2. La discrimination d’accès au marché est une conséquence du vide juridique et de
la position de force des grands acteurs. Nous l’avons vécu avec MTV : devant
l’insécurité juridique que représentait la diffusion non rémunérée et non
contractée des vidéogrammes d’Impala, MTV a choisi de diminuer la part de
diffusion des indépendants pour diminuer son risque en cas de procès. Le
problème est vrai également pour MySpace, Youtube, MSN, etc.
3. L’incapacité en cas d’accord avec un gros utilisateur de droits (type MTV) de
pouvoir gérer les flux et redistribuer les revenus aux différents ayants-droit et
plus crucialement aux artistes.
5. Propositions
A mon sens elles sont quadruples.
1. Création d’un organisme mondial (européen d’abord) qui gère les intérêts politiques
des entrepreneurs culturels, la protection de leurs droits, la négociation des contrats
internationaux et la distribution des royautés reçues.
2. Intervention des pouvoirs publics pour la définition d’une vraie politique de défense
des producteurs de contenus au niveau européen (inexistante aujourd’hui sauf pour le
programme Média) d’une part, et d’autre part soutien proactif à la modification des
directives avantageant pour l’instant les tubes plutôt que les contenus ainsi
qu’harmonisation des durées de protection du droit d’auteur au niveau européen avec
nos principaux partenaires commerciaux. Les droits des producteurs de contenus (de
75 à 95 ans ailleurs, notamment aux Etats-Unis, contre 50 ans en Europe…) sont plus
longs en dehors de l’Europe, et assortis d’obligations permettent une exploitation en
plusieurs fois, avec une rentabilité accrue.

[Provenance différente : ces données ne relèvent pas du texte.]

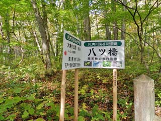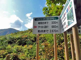 2017/10/19(9:36) 「川内川渓谷遊歩道」に立つ標識。 「セキレイ橋」を渡ったところは、「川内川渓谷
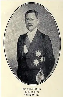 Yang Sheng war ein Mitschüler und Arbeitskollege von Yin-Chang und besaß gute Kenntnisse der deutschen Sprache sowie des Deutschen Reichs. Von 1903 bis 1905 war Yang Sheng Gesandter in Wien. Von 1905 bis 1907 war er Gesandter in Berlin. Am 6. November 1907 gehörte er zu den Gründungsmitgliedern der 广东省教育会 (Guangdong Gesellschaft für das Studium der Selbstregierung)[2] 1909 war er erneut Gesandter in Berlin. Nach dem Sturz der Qing-Dynastie leitete er in den Provinzen Shandong und Jiangsu Ämter im Polizeiwesen und fungierte mehrere Male als daoyin (Statthalter) des Bezirks Shanghai. Von 1924 bis 1927 war er Vizepräsident des chinesischen Roten Kreuzes.[3]
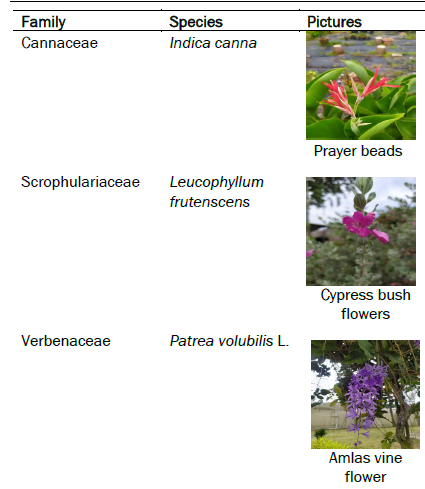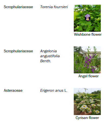 Kajian berjaya mengenal pasti 30 spesies bunga hiasan yang tergolong dalam 17 famili tumbuhan yang berbeza. Antara famili yang paling banyak diwakili ialah Nyctaginaceae dan Asteraceae, masing-masing menyumbang 26% dan 21% daripada jumlah keseluruhan spesies yang direkodkan.
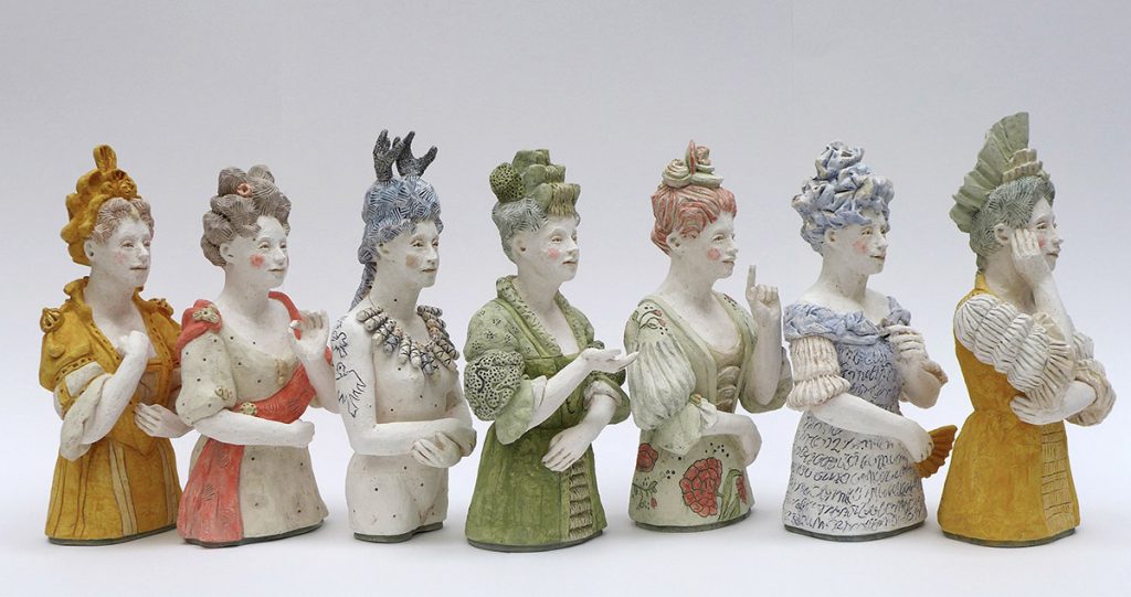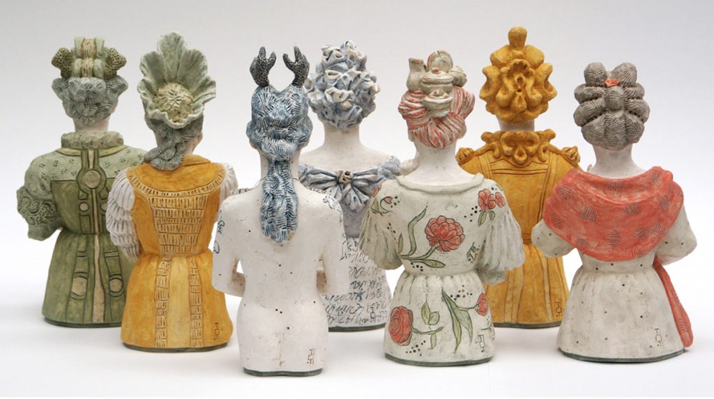 Crée pour l’exposition Réminiscences au château de Lunéville, l’œuvre s’inspire de la vie d’ Elisabeth-Charlotte d’Orléans, Duchesse de Lorraine. Regard contemporain sur la condition féminine, ce portrait est celui d’une femme devenue multiple : femme-dentelle, femme-cadre, femme-vaisselle, femme-jardin, femme-correspondance et femme-fard, qui sont autant d’évocations de l’art de vivre qu’elle a su faire rayonner à sa cour au château de Lunéville au XVIIIe siècle.
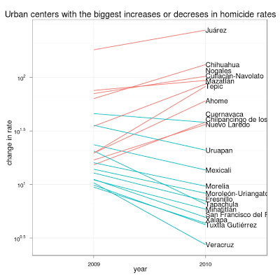 The urban centers that saw the biggest increases or decreases in homicide rates with a log scale:

Une obligation intéressante est celle faite à
l’entrepreneur culturel d’exploiter, de rendre les œuvres publiques, sous risque de
perte de droits.
3. Politique proactive des différents ministres de la culture (y compris la nôtre…) pour
que les biens culturels soient taxés à un niveau culturel et pas au taux plein... et
surtout restent dans l’AGCS (Accord général pour le commerce des services, au sein
de l’OMC) pour permettre aux pouvoirs publics de mener des politiques d’incitation à
la création, et ne soient pas versés dans le cadre ordinaire de l’OMC (un souhait
américain – cet enjeu central serait trop long à développer ici).

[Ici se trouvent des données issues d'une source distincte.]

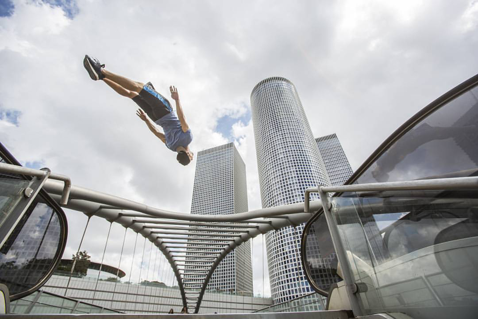 German athletes vault over a camel, do a handstand atop the Azrieli towers, flip over the Tower of David, and put Israel on the Parkour map.
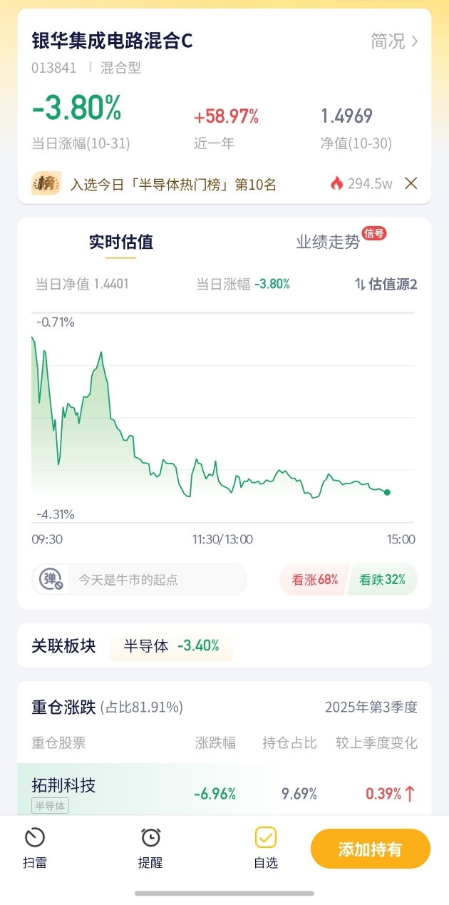 银华集成电路混合C今日预估涨幅-3.79%!集成电路板块今日调整,关注后续走势。
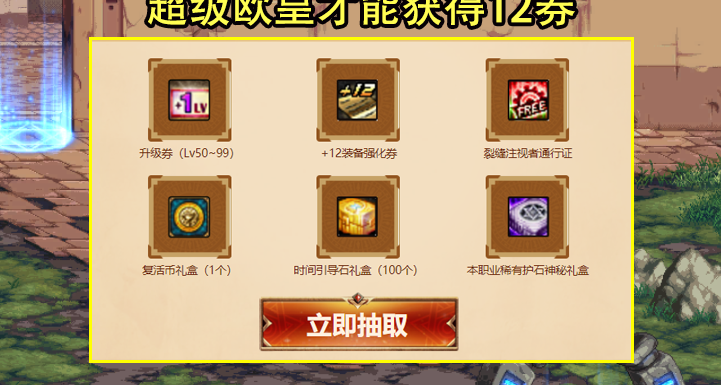 至于抽奖奖励,主要有六种可以抽取的道具。除了12增强券,其他道具都是蚊子腿奖励。至于12增强券,抽到的几率极低,只有0.001%,普通玩家就不要想了。只有超欧帝才能得到。
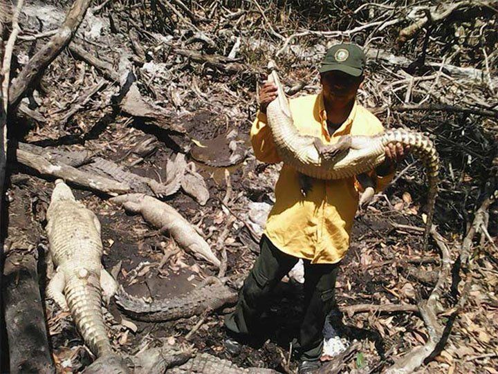 Elementos de la Comisión nacional de Áreas Naturales Protegidas (CONANP) y la Procuraduría Federal de Protección al Ambiente (Profepa), hallaron los restos de 20 cocodrilos que al parecer fueron sacrificados para aprovechar su sangre para supuestos usos medicinales y de consumo humano, en el municipio de Acapetahua, en Chiapas, México.

4. Ceci m’amène au dernier point, et permet l’instauration de politiques culturelles
locales ou nationales qui pourraient s’inspirer de l’exemple français (crédit d’impôt
avec une double limite décourageant les multinationales, à savoir une limite annuelle
et une limite par œuvre ; garanties d’Etat sur des prêts aux entrepreneurs culturels),
qui a ma préférence ; ou anglais (tax shelter sur tous les biens culturels) ; ou espagnol
(collectivisation privé/public des ressources pour la divulgation de la culture
hispanique hors la péninsule) ; ou irlandais (programme et budget ambitieux d’aide
aux tournées internationales d’artistes nationaux) ; ou encore flamand (Music Invest
sur le modèle du retour sur investissement).
Les actions des pouvoirs publics devront tenir compte de deux éléments importants, qui
demandent une approche courageuse et des décisions politiques potentiellement
impopulaires : le phénomène de la gratuité de l’offre, perçue par le public comme un
droit, et l’inévitable affrontement transatlantique.
Le prix (la chance...) de la diversité culturelle et de l’agenda de Lisbonne passe
inévitablement par l’instauration d’un cadre juridique qui permettra aux entrepreneurs
culturels en Communauté française et en Europe d’exister en percevant la juste
rémunération des œuvres qu’ils publient, des talents qu’ils défendent et de leur travail.